The crank cut grooves in the new bearings... to the point that you can catch your fingernail in them. I had to get the "new" crank polished. And... buy a new set of bearings.
Did you oil the bearing surfaces ? You can't have metal to metal contact. JUst the weight of the crank sitting on the bare (no oil) bearings is enough to scratch to bearings
Did you oil the bearing surfaces ? You can't have metal to metal contact. JUst the weight of the crank sitting on the bare (no oil) bearings is enough to scratch to bearings
Yep. Been doing this for... 64-14= 50 years.
The crank is/was bad right out of the box.... twice.
From: Las Vegas - Just stop perpetuating myths please.
Sorry to read of your disappointment Tom. But it reads like a corrupt vendor from the start if it takes 6 mos to deliver a popular crank unless its a special/custom item (special machine work and treatments). Please let us know if it is non-supporting vendor (as i suspect) you would have nothing to worry from them. Or if a supporting vendor then please PM me.
Issues like that are such a demoralizing experience to someone hoping to enjoy their hobby with a more powerful motor and become victimized by greedy cronies. Rebuilding an engine is a difficult and tedious task to do correctly then to have cronies send u bad parts makes the process a lot more painful and costly.
Sorry to read of your disappointment Tom. But it reads like a corrupt vendor from the start if it takes 6 mos to deliver a popular crank unless its a special/custom item (special machine work and treatments). Please let us know if it is non-supporting vendor (as i suspect) you would have nothing to worry from them. Or if a supporting vendor then please PM me.
Issues like that are such a demoralizing experience to someone hoping to enjoy their hobby with a more powerful motor and become victimized by greedy cronies. Rebuilding an engine is a difficult and tedious task to do correctly then to have cronies send u bad parts makes the process a lot more painful and costly.
Thx for sharing.
pm sent... it is a stroker crank but nothing out of the ordinary... standard 383 crank.
It's an Eagle cast stroker, internal balanced crank. Everything is already balanced. The engine is just for cruising.... no racing... and budget dictates the source. I know.... you get what you pay for... but... the minimum is that the product can actually be used and not be a boat anchor. The intended use and price are a match. The Chinese workmanship puts the equation out of balance.
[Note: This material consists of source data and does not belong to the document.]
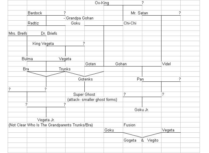 Heres will you will find the relationships of the Dragonball, Z, GT Characters. I think all the images are self explanatory so, no need for a key because all the Family Trees were written by Pysc_Out. More Will be added over time, enjoy!
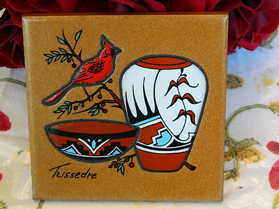 Title (ebay affiliate link): Teissedre Ceramic Tile Navajo Aztec American Indian Cardinal Bird Trivet Coaster
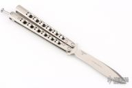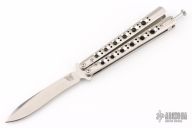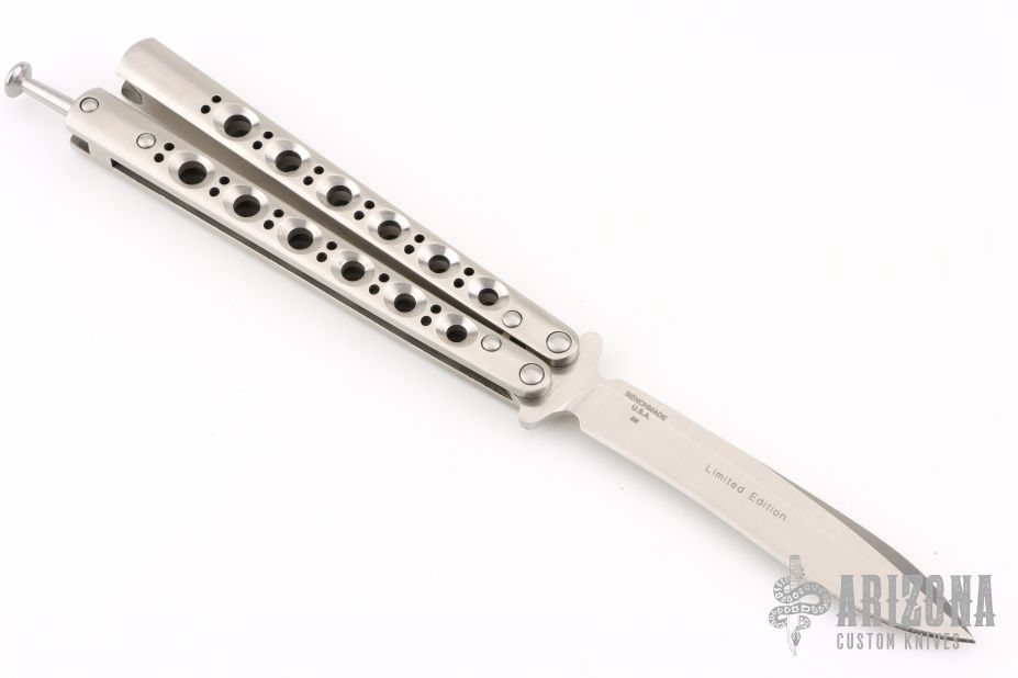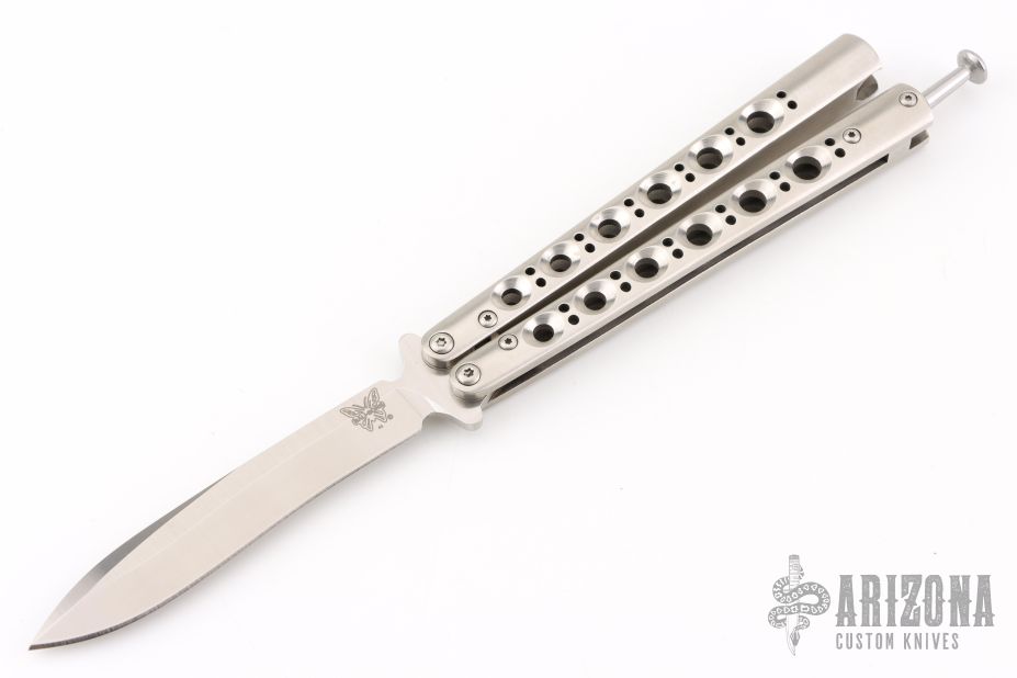 This Model 41SS Balisong from Benchmade features a recurve drop point blade with swedge. The handle has a stainless steel frame with spring T-latch. Comes with original box, papers, and two Benchmade belt sheaths. Excellent condition.

It's an Eagle cast stroker, internal balanced crank. Everything is already balanced. The engine is just for cruising.... no racing... and budget dictates the source. I know.... you get what you pay for... but... the minimum is that the product can actually be used and not be a boat anchor. The intended use and price are a match. The Chinese workmanship puts the equation out of balance.
Yeah, you'd think they should at least sell it straight, smooth, and balanced within spec. No quality control apparently. I think Callie's has a budget minded line called Compstar, forged over seas, checked then machined in Callie's USA shop for quality control. They have rods of the same name origin/process too. Good luck Tom, I'm sure you'll get it sorted out soon.
Jim
From: Las Vegas - Just stop perpetuating myths please.
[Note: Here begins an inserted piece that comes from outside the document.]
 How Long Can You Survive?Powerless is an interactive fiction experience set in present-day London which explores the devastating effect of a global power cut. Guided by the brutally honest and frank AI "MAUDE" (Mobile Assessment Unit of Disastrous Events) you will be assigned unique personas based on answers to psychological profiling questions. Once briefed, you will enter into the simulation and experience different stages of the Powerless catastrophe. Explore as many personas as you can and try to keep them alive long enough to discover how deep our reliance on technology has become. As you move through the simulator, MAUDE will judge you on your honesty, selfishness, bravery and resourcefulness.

I really think a lot of the eagle cast crank failures occur in engines with big cams, heads and are reved too high for the crank design. I know eagle has a set of cast strokers rated at only 400hp while eagle sells a 500hp rated cast crank also and a lot customers dont respect those ratings. But if u install it with a short cam and economy heads u may still have a long life from a 400hp crank. Most specifically driven behind an automatic trans rather a manual where the clutch gets dumped now and then. Most of the cast eagle crank failures i have seen photos of where separation at the rods crankpin which kinda leads me to a shock loading as the cause. BTW i didnt see any rounded fillets on those pix - pretty much straight cut at the edge.
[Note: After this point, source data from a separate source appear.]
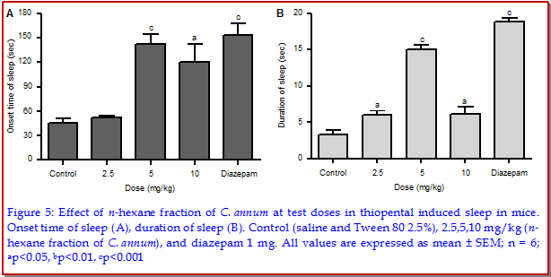 The current study deals with anxiolytic, muscle relaxant and sedative like activities of Capsicum annuum in animal models. The crude extract was found safe in acute behavior and toxicity studies. However, the n-hexane fraction caused severe acute toxicity. Pretreatment of crude extract and n-hexane fraction elicited marked dose-dependent antianxiety-like effects in elevated plus-maze and dark and light models. The results showed significant (p< 0.05) antianxiety-like effects of crude extract while highly significant (p< 0.001) for n-hexane fraction. Similarly, an effect on muscle coordination was tested in traction model, where both crude extract and n-hexane fraction evoked marked dose-dependent activity. The effect of thiopental-induced sleep test of crude extract and n-hexane fraction was highly significant (p< 0.001). All together, the results revealed potent anxiolytic, muscle relaxant and sedative like activities of C. annuum in animal models and the pharmaco-logically active constituents are mostly non-polar in nature.
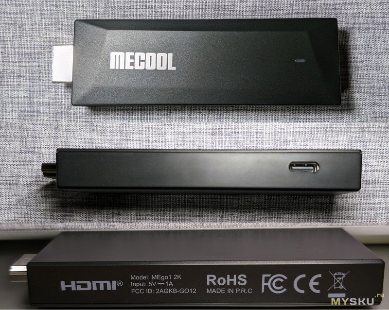 Стик — аболютно идентичный 4K-модели, он компактный, 100мм*30мм*15мм. Имеет всё тот же строгий, но в то же время стильный угловатый дизайн, синий светодиод на корпусе, а так же USB Type-C, с поддержкой OTG.
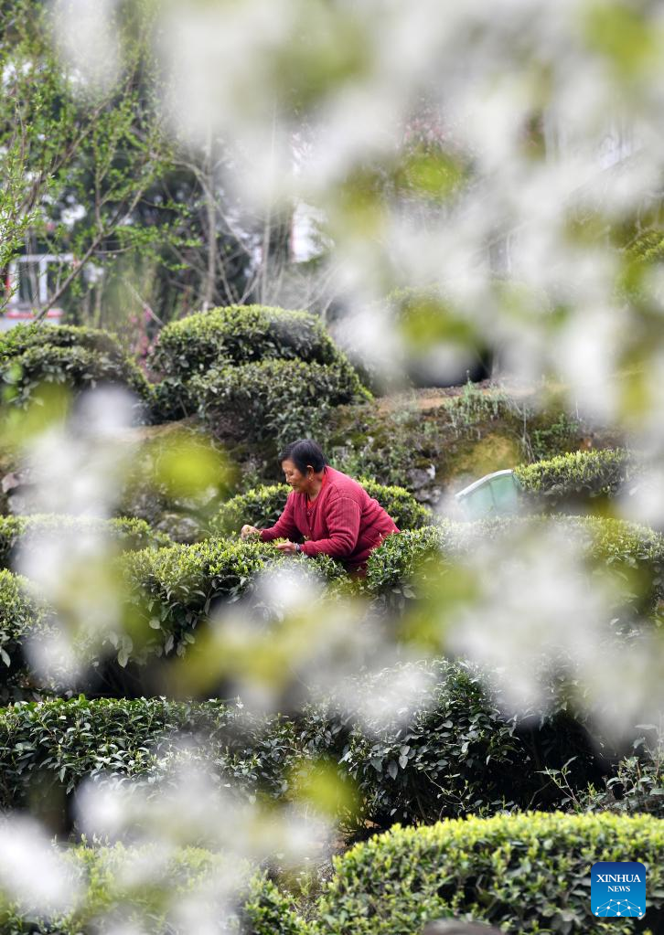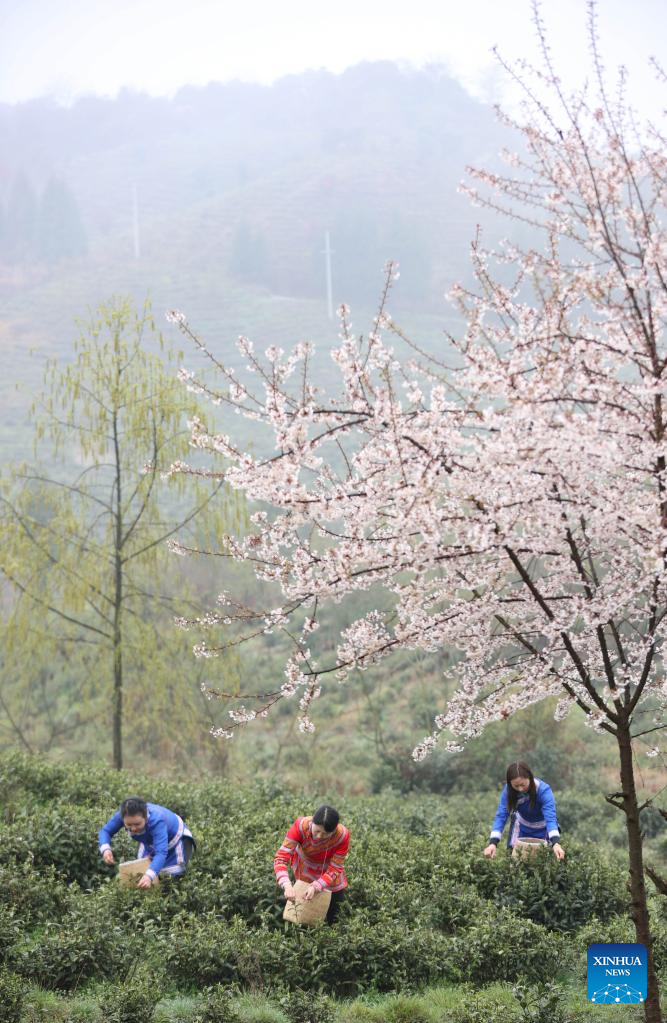 Workers harvest tea leaves in Baicha Village of Tuanba Town in Dazhu County, Dazhou, southwest China's Sichuan Province, March 28, 2023. Recently, workers are busy in harvesting and processing tea leaves ahead of the Qingming Festival to produce the Mingqian (literally "pre-Qingming") tea, which are made of the very first tea sprouts in spring and considered to be of high quality. (Xinhua/Deng Liangkui)

Again good luck and thx for sharing Tom as it helps us all here.
After I sent two Eagles back for goosegged journals, I took them off of my list of suppliers. Never had a simlar problem with comparable Scat cranks and I have used a few.
The guy who grinds cranks for me usually has a half dozen Eagle cranks in his shop every time I'm there. He tells me stories of all sorts of issues he finds with them. One of the biggest or most common is the rod journals aren't parallel with the center line of the mains. Which causes a number of problems. To the point I won't install one until it's turned 0.010 0.010 right off the bat.